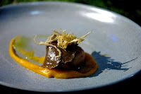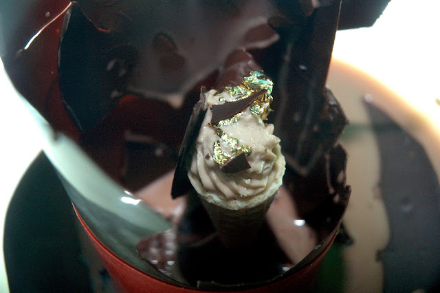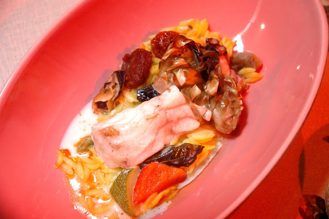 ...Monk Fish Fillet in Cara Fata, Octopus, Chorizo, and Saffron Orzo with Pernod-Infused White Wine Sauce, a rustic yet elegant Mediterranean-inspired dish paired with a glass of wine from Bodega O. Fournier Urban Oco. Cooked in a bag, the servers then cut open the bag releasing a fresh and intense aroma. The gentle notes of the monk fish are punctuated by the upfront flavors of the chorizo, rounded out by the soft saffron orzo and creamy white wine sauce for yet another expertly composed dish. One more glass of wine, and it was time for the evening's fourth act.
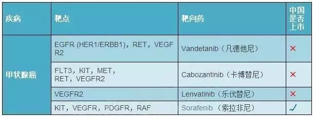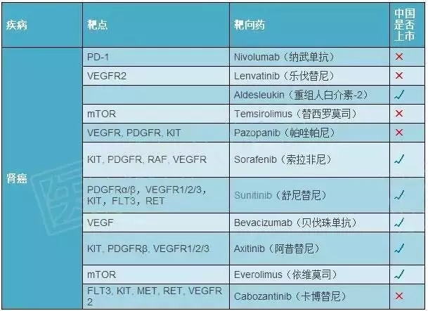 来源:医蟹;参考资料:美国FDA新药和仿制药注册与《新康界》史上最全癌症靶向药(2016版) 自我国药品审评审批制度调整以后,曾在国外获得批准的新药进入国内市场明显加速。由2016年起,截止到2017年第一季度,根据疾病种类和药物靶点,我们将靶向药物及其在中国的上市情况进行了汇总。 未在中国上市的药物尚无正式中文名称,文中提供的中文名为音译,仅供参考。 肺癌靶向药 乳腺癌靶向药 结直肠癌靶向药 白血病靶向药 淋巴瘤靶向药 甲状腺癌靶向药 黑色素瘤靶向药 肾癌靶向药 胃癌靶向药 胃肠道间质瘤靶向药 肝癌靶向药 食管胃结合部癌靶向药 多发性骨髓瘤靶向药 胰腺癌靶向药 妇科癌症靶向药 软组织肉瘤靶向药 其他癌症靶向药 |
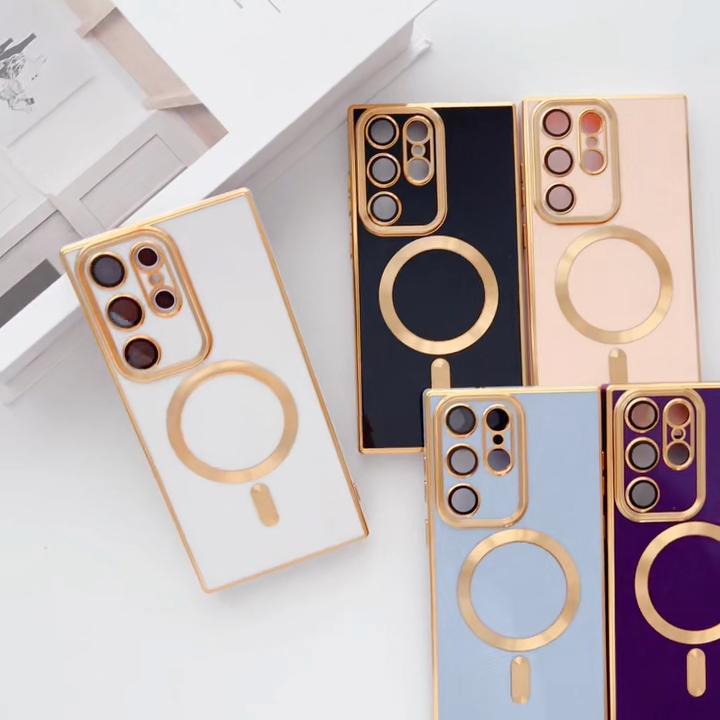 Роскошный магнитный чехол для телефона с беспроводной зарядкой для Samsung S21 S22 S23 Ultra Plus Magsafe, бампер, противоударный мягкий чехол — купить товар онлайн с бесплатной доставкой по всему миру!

WHAT THE EXERCISE ASKS
Output the line containing "软组织肉瘤靶向药 其他癌症靶向药 |" along with every line after it to the end of the material, exactly as written, but without pictures.

WORKED SOLUTION
 来源:医蟹;参考资料:美国FDA新药和仿制药注册与《新康界》史上最全癌症靶向药(2016版) 自我国药品审评审批制度调整以后,曾在国外获得批准的新药进入国内市场明显加速。由2016年起,截止到2017年第一季度,根据疾病种类和药物靶点,我们将靶向药物及其在中国的上市情况进行了汇总。 未在中国上市的药物尚无正式中文名称,文中提供的中文名为音译,仅供参考。 肺癌靶向药 乳腺癌靶向药 结直肠癌靶向药 白血病靶向药 淋巴瘤靶向药 甲状腺癌靶向药 黑色素瘤靶向药 肾癌靶向药 胃癌靶向药 胃肠道间质瘤靶向药 肝癌靶向药 食管胃结合部癌靶向药 多发性骨髓瘤靶向药 胰腺癌靶向药 妇科癌症靶向药 软组织肉瘤靶向药 其他癌症靶向药 |
 Роскошный магнитный чехол для телефона с беспроводной зарядкой для Samsung S21 S22 S23 Ultra Plus Magsafe, бампер, противоударный мягкий чехол — купить товар онлайн с бесплатной доставкой по всему миру!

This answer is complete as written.